The phases of re-entry are presented in broad skeletal terms and do not include such contextual specifics as offence(s), criminal history, length of sentence and type (determinate or indeterminate), whether the offender will receive statutory supervision, or what programmes may have been completed in prison or undertaken after release. These would need to be factored in and examined – theoretically and empirically – according to particular circumstance(s). Re-entry experiences will vary according to the individual and their situation. Some ex-prisoners may be released to approved premises, for example a hostel where there is surveillance as well as expected support. A further consideration might be how re-entry may be affected by perceptions of and behaviour towards particular minority ethnic groups within prevailing host cultures. Gender is another issue. Many women are held in prisons far away from home (‘diaspora’ effect), with multiple adverse consequences for sustaining community ties and family integrity and for accessing local support services on release (Corston, 2007; Wedderburn et al., 2000).
The three phases or stages, as summarized below, are indicative in broad theoretical terms: 3
Societal re-entry. This is the initial stage of relocating back into the community. It is the beginning of the psychological and social transition from the control and routine of prison environments to individual responsibility for day-to-day living. For many ex-prisoners, this is the first test of whether institutional dependency has occurred or been compounded in cases of prior carceral experience. Before release many offenders express a deep desire not to reoffend (Burnett and Maruna, 2004), but whether and to what degree this is realized, notwithstanding the level of personal commitment, is mediated by community response or rather, and more accurately, the actions and reactions of those within the community deemed to be important. These ‘significant others’ may be key individuals in the offender’s extant social networks (as social capital) and/or those networks aspired to. In the days immediately following release, severe difficulties are frequently encountered in navigating the challenges of securing accommodation, finding employment and meeting other material needs (SEU, 2002). How the offender meets such challenges will be determined not only by the strength or otherwise of their social networks, for example, family, kin and friendship ties, but by the range and depth of their personal abilities, skills and capacities (human capital) (see Coleman, 1988).

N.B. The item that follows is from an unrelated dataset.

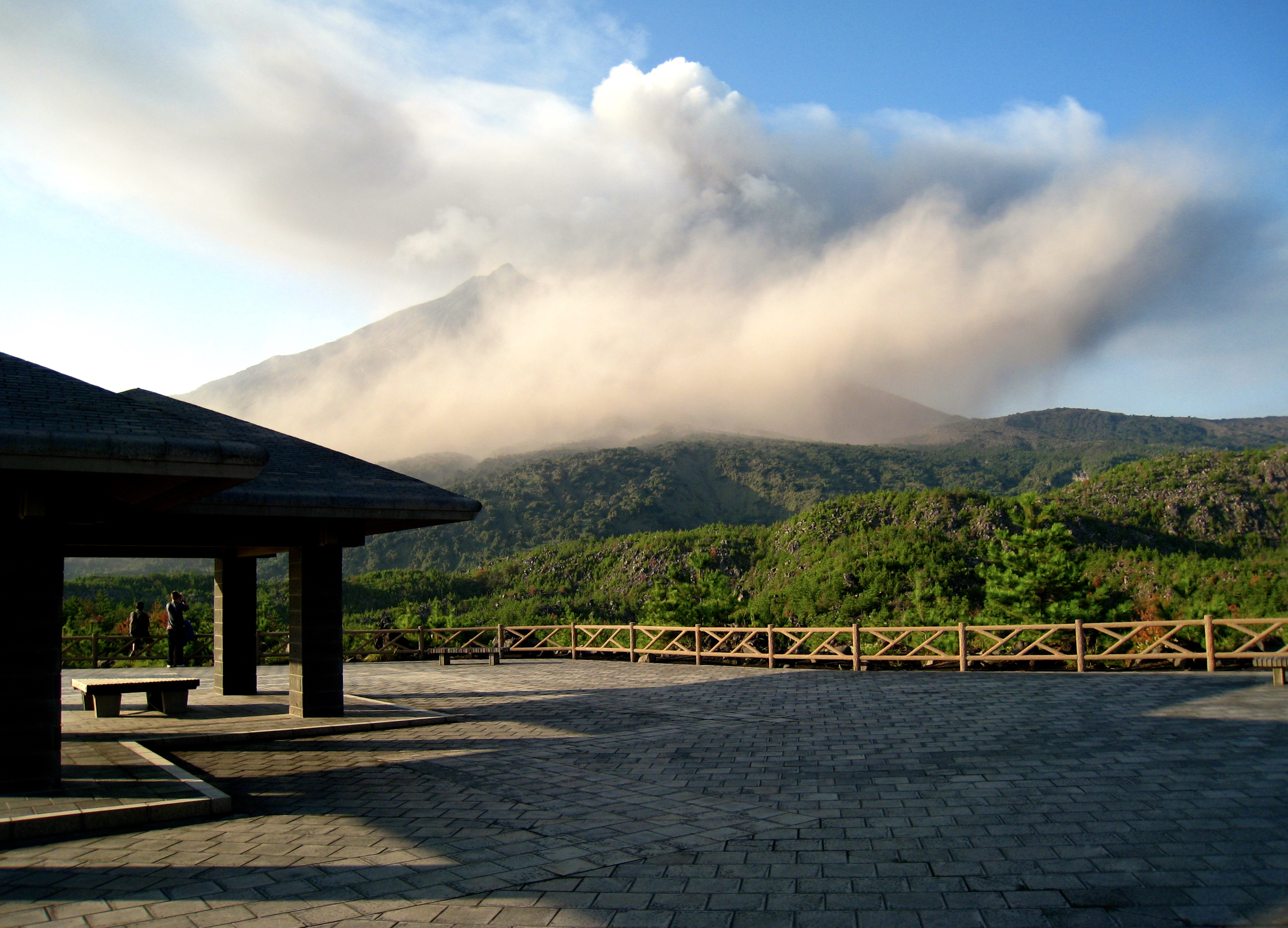 This observation point gives a spectacular view onto Sakurajima’s Southern craters. Here you are standing on an elevation of 75 meter that is actually the lava field formed by the famous 1914 eruption. I took the picture on 9 november 2009, one of the days the volcano became more active and in the late afternoon suddenly started to spew thick clouds of ashes.

According to the SEU (2002: 10, 6), many prisoners ‘have poor skills and little experience of employment, few positive social networks, severe housing problems, and all of this is often severely complicated by drug, alcohol and mental health problems’. Such ex-prisoners face insurmountable problems during this phase and find that their social and human capital resources are insufficient or unable to manage the demands of transition. Many are caught up in a seemingly intractable ‘revolving door’ syndrome of short prison terms punctuated by brief intervals outside (Nacro, 2000). For such offenders (in the case of adults) serving sentences of less than 12 months, and therefore without statutory supervision by the Probation Service, their social and structural marginalization may become more deeply experienced and chronic.
Re-entry as emergent social integration. This is a more developed transitional form and is ‘more than physically re-entering society’ (Maruna and LeBel, 2002: 167). It is beyond the previous (societal) stage and signifies enhanced personal and social transformations towards being of society. This mid-stage, of ‘becoming’ (Matza, 1969), is a process of growing assimilation into those social networks of emotional, psychological and social support that promote social integration. To what degree this is accomplished depends not just upon the presence or otherwise of community involvement but the residual, adaptive and developing cognitive, knowledge, skills and other capacities of the offender (human capital). What distinguishes this transition from the earlier ‘societal stage’ is its theoretical and empirical development in both human and social capital terms.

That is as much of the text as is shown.